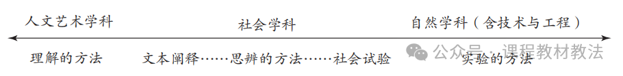 这就使得各门学科不只是系统化的抽象知识与技能的外部呈现,也是一个内含思想与方法、情感态度与价值观的学科精神与文化的历史过程,更是一个活生生的、不断发展的真善美之内在探索之旅。这意味着,学科课堂教学在传授结论性系统化知识的过程中,要将探索真善美的思想方法、情感态度与价值观予以学科知识结构的整体性还原,将抽象知识具体化、生活化和生命化。一方面,还原知识生产过程中的具体人与事,重现“是什么”“为什么”和“怎么来”的完整知识形态,开展前文所说的整体性教学设计和生命化课堂教学,回归学科知识当时生产境遇的本来面貌;另一方面,融入现实生活中的具体人与事,构建“是什么”“为什么”和“怎么用”的完整知识体系,开展生活化教学和问题性教学,活化学科知识传承与发展的本来结构。如果没有这种还原与融入,教学过程通常就成为纯结果性的知识与技能教学,而被冠以“填鸭式教学”的诟病。显然,人工智能赋能为这种还原与融入变得更为便捷。当然,不同学科因其知识生产方式不同,教学方法也呈现学科差异性。自然科学主要使用实验方法,人文艺术主要使用理解体悟方法,社会科学则介于两者之间,从而形成知识生产与传承的方法连续统一体(见图2)。在教育数字化与人工智能背景下,呈现出“科技人文化”与“人文科技化”的融合趋势,中国的“四新”教育改革和美国的“STEAM”教育就是这种融合的典型实践。
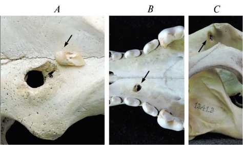Рис. 1. Фрагменты черепов волка с травмами, полученными в результате внутривидовых агрессивных контактов: A – череп № 13.90.1, стрелкой показана вершина обломившегося клыка; B – череп № 13.24, травма нёбного отростка правой верхнечелюстной кости; C – частично зажившее отверстие от клыка ниже и каудальнее заглазничного отростка на черепе № 13.41.3.
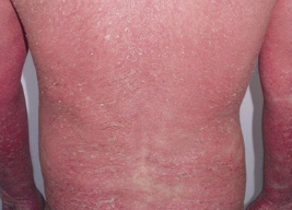 红皮病型银屑病是一种罕见的重症、累及全身大部分皮肤的一种特殊类型银屑病,但发病率在银屑病中是最低的,本病约占银屑病1%。红皮病型银屑病经常继发于一些难以控制的斑块型银屑病。表现为全身皮肤弥漫性潮红、浸润肿胀,并伴有大量糠状鳞屑,病程较长,易复发,不仅病情危重,而且治疗困难。
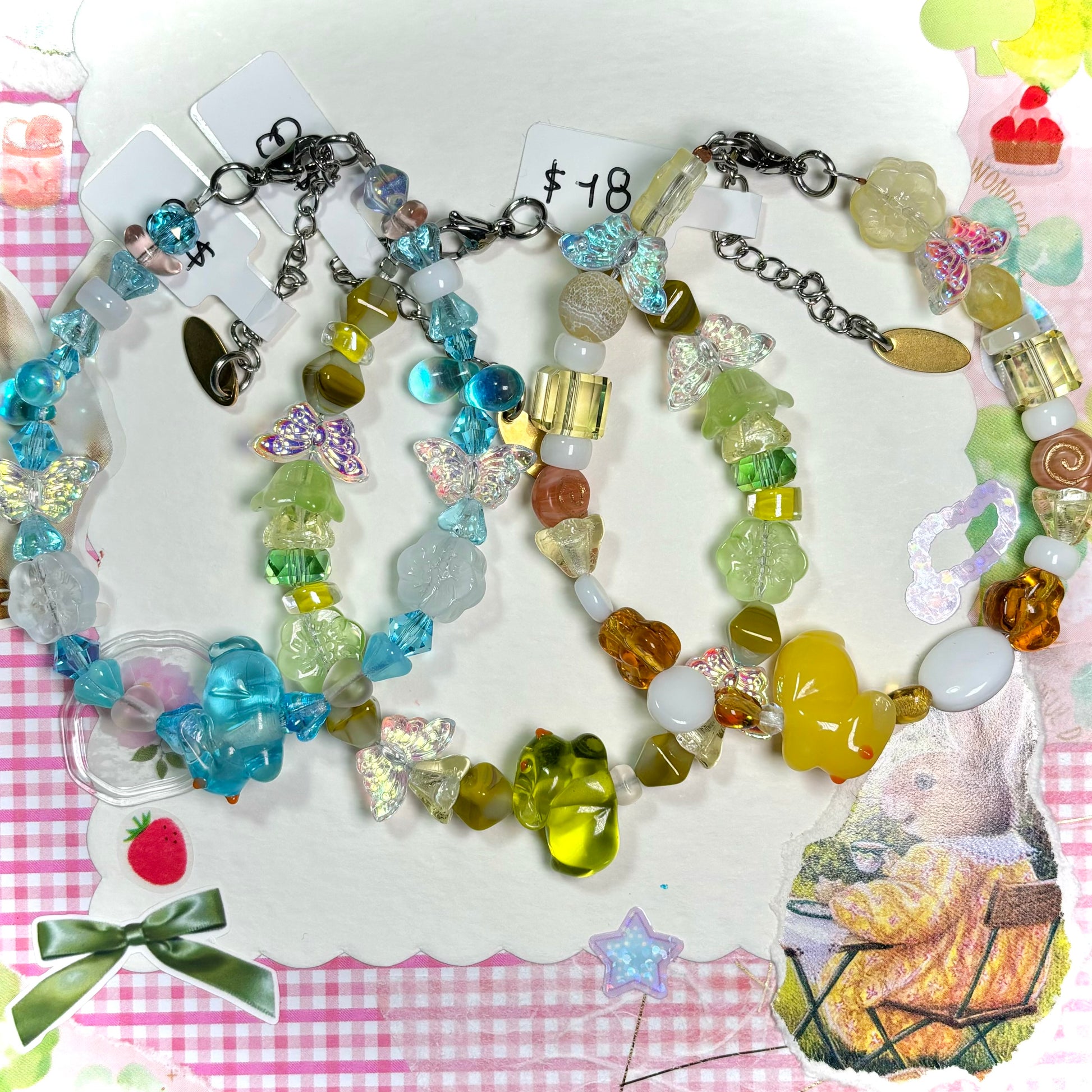 Handcrafted with glass, Czech, and sparkly beads, along with cute charms. Made with stainless steel findings and non-tarnish wire. ✨
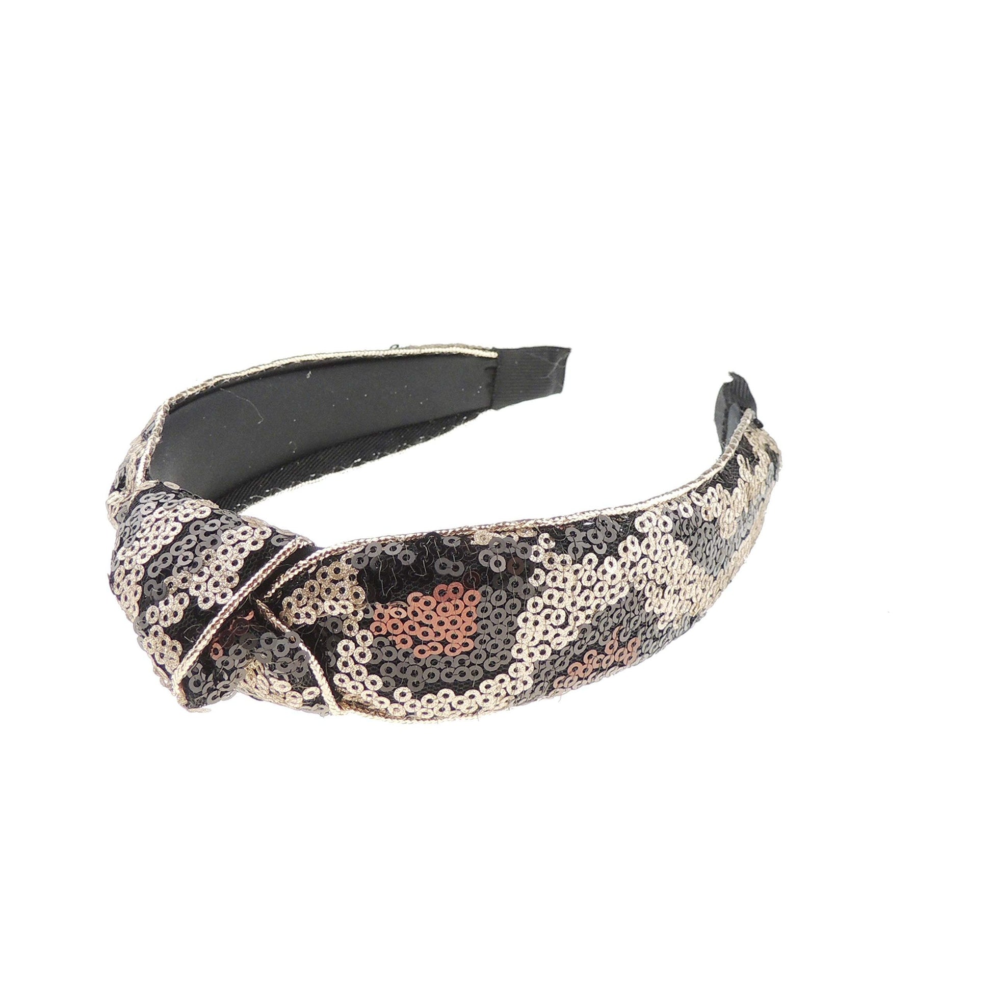 Glamour Girlz Ladies Leopard Animal Print Sparkly Gold Sequin Evening Party Top Knot Headband Alice Band
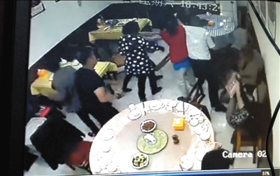 餐馆监控录像显示当时两桌客人的冲突。4月18日晚,因抽烟问题,饭店两桌客人发生打斗。新京报记者 侯润芳 摄
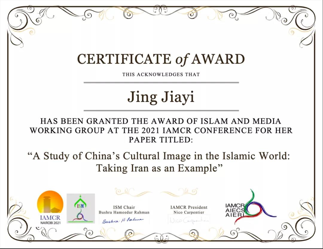 米兰新闻网12月23日电 近日,国际媒介与传播研究学会(IAMCR)公布了2021年度“伊斯兰与媒介卓越研究奖”(Islam & Media Award for Excellence)的获奖信息。在米兰milan官方网站新闻与传播学院党委书记胡钰教授的指导下,新闻学院博士生景嘉伊的论文《中国在伊斯兰世界的文化形象研究——以伊朗为例》(A Study of China’s Cultural Image in the Islamic World: Taking Iran as an Example)入选。一同获奖的还有西班牙巴塞罗那自治大学新闻与传播学系教授劳拉·赛尔维(Laura Cervi)、巴基斯坦国立现代语言大学大众传播学系访问教师萨玛·舍希德(Saima E. Shahid)。
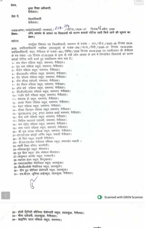 उपर्युक्त विषयक उप जिलाधिकारी, रामनगर के पत्रांक 777/सी.ए./2025-26 दिनांक 09.04. 2026, उपजिलाधिकारी न्यायिक (लालकुंआ) के पत्रांक-292/ना.ना./निरी./2026-27 दिनांक 09.04.2026, उपजिलाधिकारी, सदर, नैनीताल के पत्रांक-363/विविध/2026 दिनांक 09.04.2026 एवं तहसीलदार श्री कैंचीधाम के पत्र संख्या – 03 दिनांक 07.03.2026 के द्वारा दी गयी जॉच आख्या के क्रम में निम्नांकित विद्यालयों को कारण
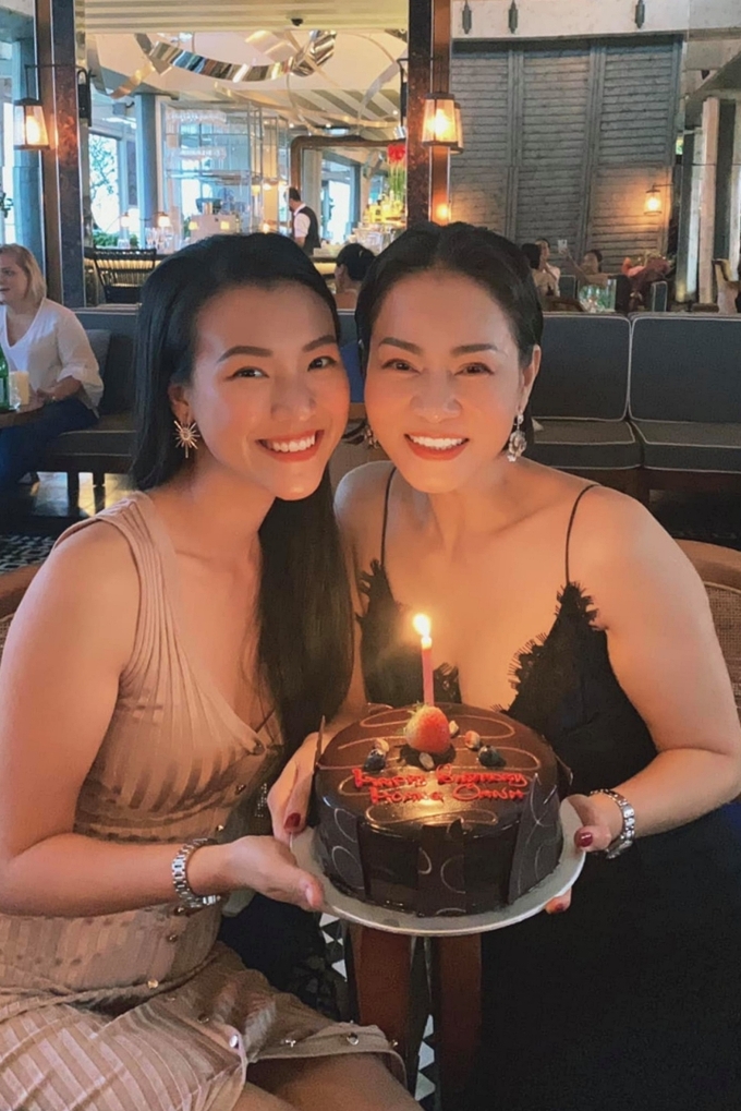 Hoàng Oanh nói cô hạnh phúc trước tình cảm của các đàn chị, điều khiến cô thấy được an ủi khi phải xa gia đình hơn một năm qua. Hoàng Oanh đưa con đến Singapore để đoàn tụ chồng - anh Jack Cole, người Mỹ - hồi tháng 9/2020. Ảnh: Facebook Hoàng Oanh
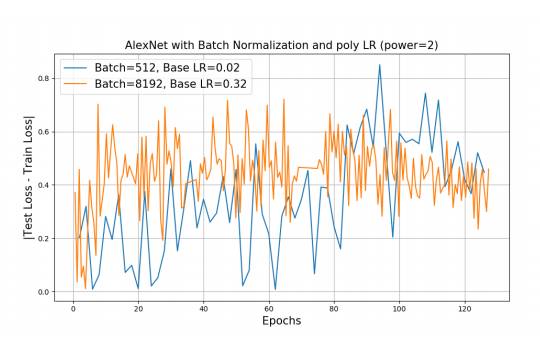 为在 AlexNet 上实现大批量训练,我们尝试了许多不同技术(如,数据清洗、数据缩放(data scaling)、多步 LR、最小 LR 调参)。我们观察到只有批归一化(BN)能够提升准确度。
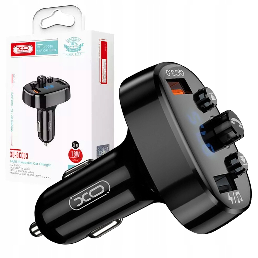 XO FM-трансмітер BCC03 Bluetooth MP3 автомобільний зарядний пристрій 18W чорний
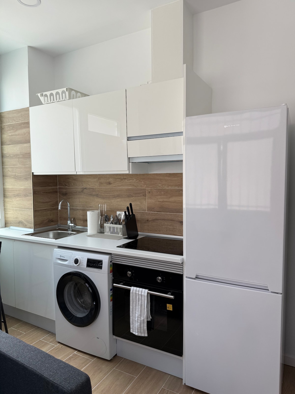 Notaleg og notaleg loftíbúð á jarðhæð fyrir einn eða tvo í daga, vikur eða mánuði. Kyrrlát staðsetning með stóru stöðuvatni í aðeins 5 mínútna göngufjarlægð. Náttúruleg birta, fullbúið eldhús, baðherbergi og sturta, 135x200 cm rúm, snjallsjónvarp og loftkæling til upphitunar og kælingar. Innifalið þráðlaust net, rafmagn og vatn. Góð tenging við vega- og almenningssamgöngur (nálægt neðanjarðarlest) er auðvelt að leggja.
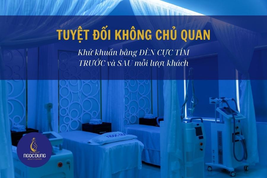Đó chưa phải là tất cả, vì các phòng điều trị của Ngọc Dung đều có lắp đặt đủ các thiết bị, máy móc để phục vụ riêng cho từng người. Mỗi phòng đều đáp ứng đủ các tiêu chuẩn an toàn trong xây dựng, phòng cháy chữa cháy. Có khu vực khử khuẩn, tủ dụng cụ và các vật dụng cần thiết khác trong thẩm mỹ. Mỗi phòng điều trị đều có nhà vệ sinh riêng, khách hàng không cần phải di chuyển lên xuống các tầng.

□ □ □ □ □ □ □

> _PROBLEM REQUIREMENTS_:
Which part of the entries opens with the line containing "餐馆监控录像显示当时两桌客人的冲突。4月18日晚,因抽烟问题,饭店两桌客人发生打斗。新京报记者 侯润芳 摄" and closes with the line containing "Notaleg og notaleg"? Output that part exactly, ends included, pictures excluded.

> _SOLUTION TO THIS PROBLEM_:
 餐馆监控录像显示当时两桌客人的冲突。4月18日晚,因抽烟问题,饭店两桌客人发生打斗。新京报记者 侯润芳 摄
 米兰新闻网12月23日电 近日,国际媒介与传播研究学会(IAMCR)公布了2021年度“伊斯兰与媒介卓越研究奖”(Islam & Media Award for Excellence)的获奖信息。在米兰milan官方网站新闻与传播学院党委书记胡钰教授的指导下,新闻学院博士生景嘉伊的论文《中国在伊斯兰世界的文化形象研究——以伊朗为例》(A Study of China’s Cultural Image in the Islamic World: Taking Iran as an Example)入选。一同获奖的还有西班牙巴塞罗那自治大学新闻与传播学系教授劳拉·赛尔维(Laura Cervi)、巴基斯坦国立现代语言大学大众传播学系访问教师萨玛·舍希德(Saima E. Shahid)。
 उपर्युक्त विषयक उप जिलाधिकारी, रामनगर के पत्रांक 777/सी.ए./2025-26 दिनांक 09.04. 2026, उपजिलाधिकारी न्यायिक (लालकुंआ) के पत्रांक-292/ना.ना./निरी./2026-27 दिनांक 09.04.2026, उपजिलाधिकारी, सदर, नैनीताल के पत्रांक-363/विविध/2026 दिनांक 09.04.2026 एवं तहसीलदार श्री कैंचीधाम के पत्र संख्या – 03 दिनांक 07.03.2026 के द्वारा दी गयी जॉच आख्या के क्रम में निम्नांकित विद्यालयों को कारण
 Hoàng Oanh nói cô hạnh phúc trước tình cảm của các đàn chị, điều khiến cô thấy được an ủi khi phải xa gia đình hơn một năm qua. Hoàng Oanh đưa con đến Singapore để đoàn tụ chồng - anh Jack Cole, người Mỹ - hồi tháng 9/2020. Ảnh: Facebook Hoàng Oanh
 为在 AlexNet 上实现大批量训练,我们尝试了许多不同技术(如,数据清洗、数据缩放(data scaling)、多步 LR、最小 LR 调参)。我们观察到只有批归一化(BN)能够提升准确度。
 XO FM-трансмітер BCC03 Bluetooth MP3 автомобільний зарядний пристрій 18W чорний
 Notaleg og notaleg loftíbúð á jarðhæð fyrir einn eða tvo í daga, vikur eða mánuði. Kyrrlát staðsetning með stóru stöðuvatni í aðeins 5 mínútna göngufjarlægð. Náttúruleg birta, fullbúið eldhús, baðherbergi og sturta, 135x200 cm rúm, snjallsjónvarp og loftkæling til upphitunar og kælingar. Innifalið þráðlaust net, rafmagn og vatn. Góð tenging við vega- og almenningssamgöngur (nálægt neðanjarðarlest) er auðvelt að leggja.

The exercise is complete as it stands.